*** Opening of DATASET EXCERPT ***
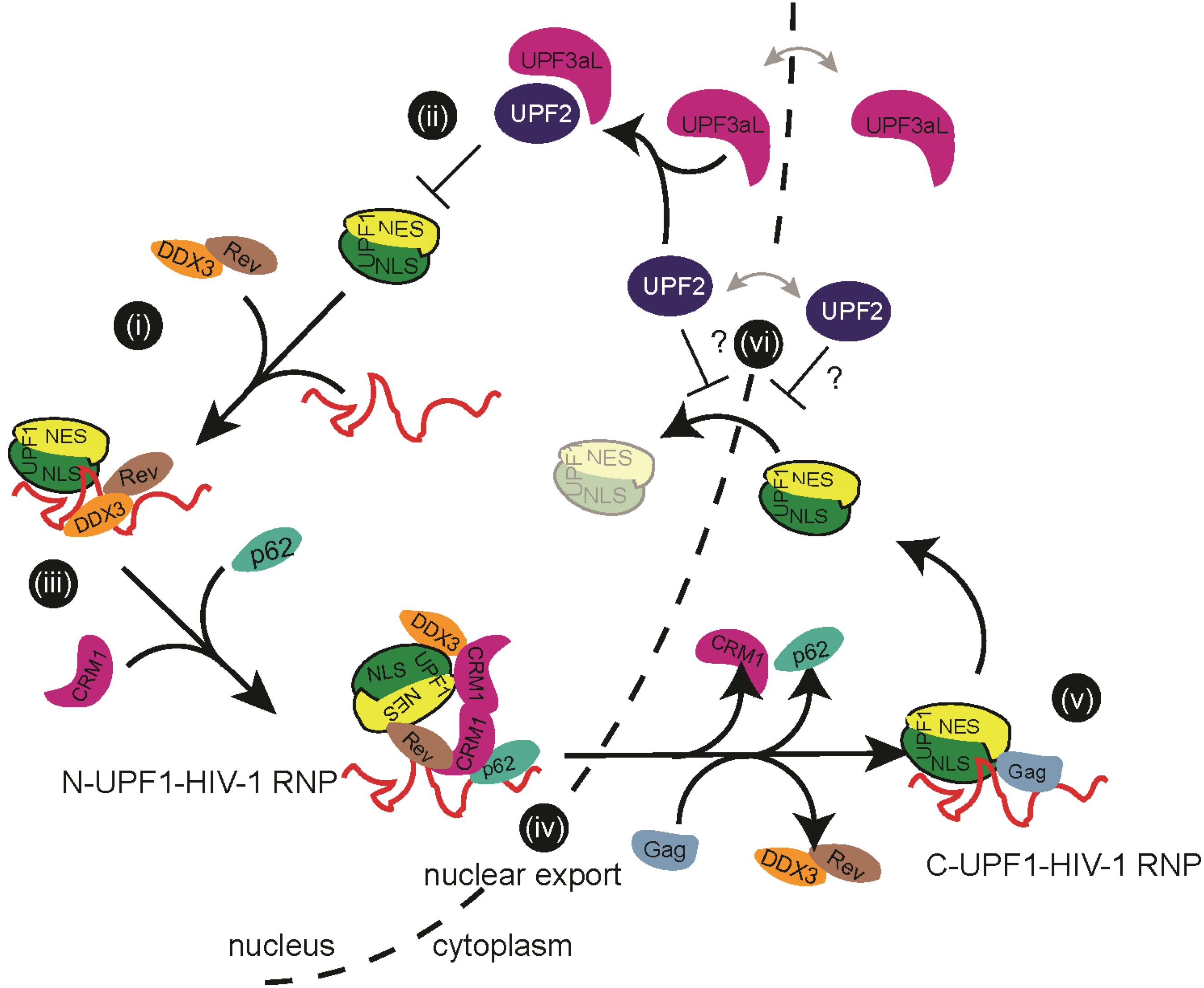 Proposed model for UPF1-mediated vRNA nucleocytoplasmic export. During the HIV-1 expression phase, the shuttling ability of UPF1 is important for vRNA nucleocytoplasmic export. In the nucleus, UPF1 can be recruited to the vRNA via its C-terminal domain (including the NLS domain, Figure 1A) and acts as an adaptor protein to bridge the nuclear HIV-1 RNP with export factors through, most likely, its NES region (i). However, UPF3aL can potentially block the recruitment of UPF1 to prevent the assembly of an export-competent nuclear RNP by recruiting UPF2 (ii). Once assembled, the UPF1 nuclear export complex, composed of the vRNA, UPF1, Rev, CRM1, DDX3 and DDX1 then associates with nucleoporins Nup98 and/or Nup214, as well as Nup62 to form a nuclear complex (N-UPF1-HIV-1 RNP, (iii)). This complex can then be efficiently exported (iv). Once in the cytoplasm, several factors including UPF1 recycle back to their original locations. UPF1 can either act in the context of a cytoplasmic RNP (C-UPF1-HIV-1 RNP) to promote vRNA stability and utilization (translation) to ensure Gag synthesis (v), or, according to the current results in this manuscript, escapes interaction with UPF2 (vi) within the cytoplasm or nucleus (“?” indicates open question) to control vRNA nucleocytoplasmic export.
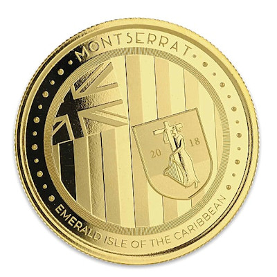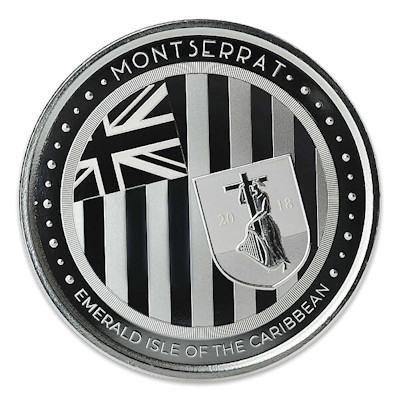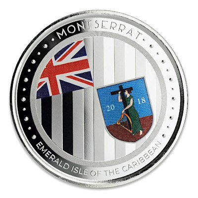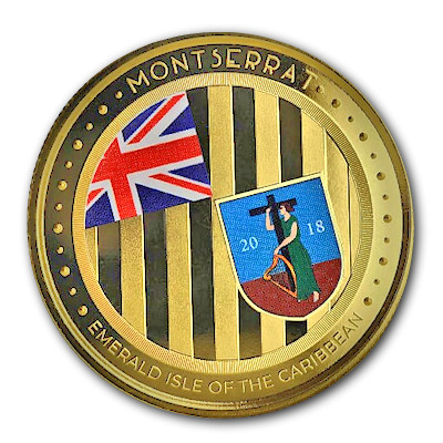 Die 5. Ausgabe der EC8 Serie kommt aus Montserrat. Das Motiv der Münze zeigt die Landesflagge von Montserrat, eine blaue Flagge mit der britischen Unionsflagge und das Wappen von Montserrat. Das Wappen besteht aus einem Schild mit einer grünen Dame, die Erin darstellt. Die weibliche Personifikation Irlands hält eine goldene Harfe in einem Arm, während sie mit dem anderen Arm das Kreuz umarmt, dass das Christentum symbolisiert. Montserrat liegt auf den Leeward-Inseln der östlichen Karibik, die Teil der als Kleine Antillen bekannten Kette in Westindien ist. Es ist ein britisches Überseegebiet, dessen Spitzname `The Emerald Isle of the Caribbean` aus seiner Ähnlichkeit mit der Küste Irlands und der irischen Abstammung vieler Einwohner stammt. |
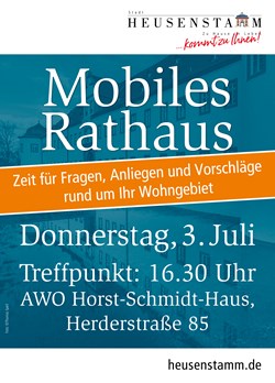 Das Mobile Rathaus mit Bürgermeister Steffen Ball und Erstem Stadtrat Uwe Michael Hajdu sowie Fachbereichs- und Fachdienstleiterinnen und -leitern der Stadtverwaltung startet in die nächste Runde. Am Donnerstag, 3. Juli, wird das Rathausteam rund um die Herderstraße unterwegs sein. Treffpunkt für die Bürgerinnen und Bürger ist um 16.30 Uhr am AWO Horst-Schmidt-Haus, Herderstraße 85.
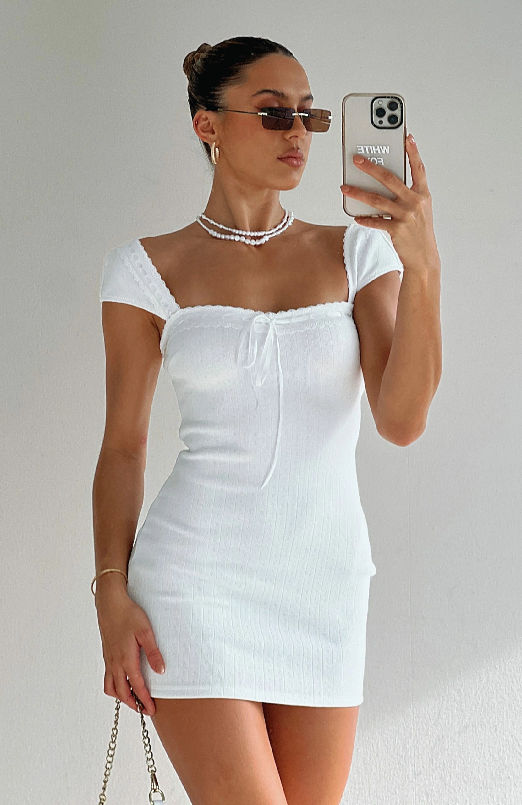 Pretty and girly is how we would describe the Love Somebody Mini Dress in White. Featuring short sleeves, straight neckline, lace bust detail, and lined, broderie anglaise stretch fabric. Complete the look with gold accessories and perspex heels for a dreamy look!
*** Close of DATASET EXCERPT ***
DIRECTIONS: Reproduce the listing exactly. The pictures are to be omitted.

REPLY TO THE EXERCISE:
 Proposed model for UPF1-mediated vRNA nucleocytoplasmic export. During the HIV-1 expression phase, the shuttling ability of UPF1 is important for vRNA nucleocytoplasmic export. In the nucleus, UPF1 can be recruited to the vRNA via its C-terminal domain (including the NLS domain, Figure 1A) and acts as an adaptor protein to bridge the nuclear HIV-1 RNP with export factors through, most likely, its NES region (i). However, UPF3aL can potentially block the recruitment of UPF1 to prevent the assembly of an export-competent nuclear RNP by recruiting UPF2 (ii). Once assembled, the UPF1 nuclear export complex, composed of the vRNA, UPF1, Rev, CRM1, DDX3 and DDX1 then associates with nucleoporins Nup98 and/or Nup214, as well as Nup62 to form a nuclear complex (N-UPF1-HIV-1 RNP, (iii)). This complex can then be efficiently exported (iv). Once in the cytoplasm, several factors including UPF1 recycle back to their original locations. UPF1 can either act in the context of a cytoplasmic RNP (C-UPF1-HIV-1 RNP) to promote vRNA stability and utilization (translation) to ensure Gag synthesis (v), or, according to the current results in this manuscript, escapes interaction with UPF2 (vi) within the cytoplasm or nucleus (“?” indicates open question) to control vRNA nucleocytoplasmic export.
 Die 5. Ausgabe der EC8 Serie kommt aus Montserrat. Das Motiv der Münze zeigt die Landesflagge von Montserrat, eine blaue Flagge mit der britischen Unionsflagge und das Wappen von Montserrat. Das Wappen besteht aus einem Schild mit einer grünen Dame, die Erin darstellt. Die weibliche Personifikation Irlands hält eine goldene Harfe in einem Arm, während sie mit dem anderen Arm das Kreuz umarmt, dass das Christentum symbolisiert. Montserrat liegt auf den Leeward-Inseln der östlichen Karibik, die Teil der als Kleine Antillen bekannten Kette in Westindien ist. Es ist ein britisches Überseegebiet, dessen Spitzname `The Emerald Isle of the Caribbean` aus seiner Ähnlichkeit mit der Küste Irlands und der irischen Abstammung vieler Einwohner stammt. |
 Das Mobile Rathaus mit Bürgermeister Steffen Ball und Erstem Stadtrat Uwe Michael Hajdu sowie Fachbereichs- und Fachdienstleiterinnen und -leitern der Stadtverwaltung startet in die nächste Runde. Am Donnerstag, 3. Juli, wird das Rathausteam rund um die Herderstraße unterwegs sein. Treffpunkt für die Bürgerinnen und Bürger ist um 16.30 Uhr am AWO Horst-Schmidt-Haus, Herderstraße 85.
 Pretty and girly is how we would describe the Love Somebody Mini Dress in White. Featuring short sleeves, straight neckline, lace bust detail, and lined, broderie anglaise stretch fabric. Complete the look with gold accessories and perspex heels for a dreamy look!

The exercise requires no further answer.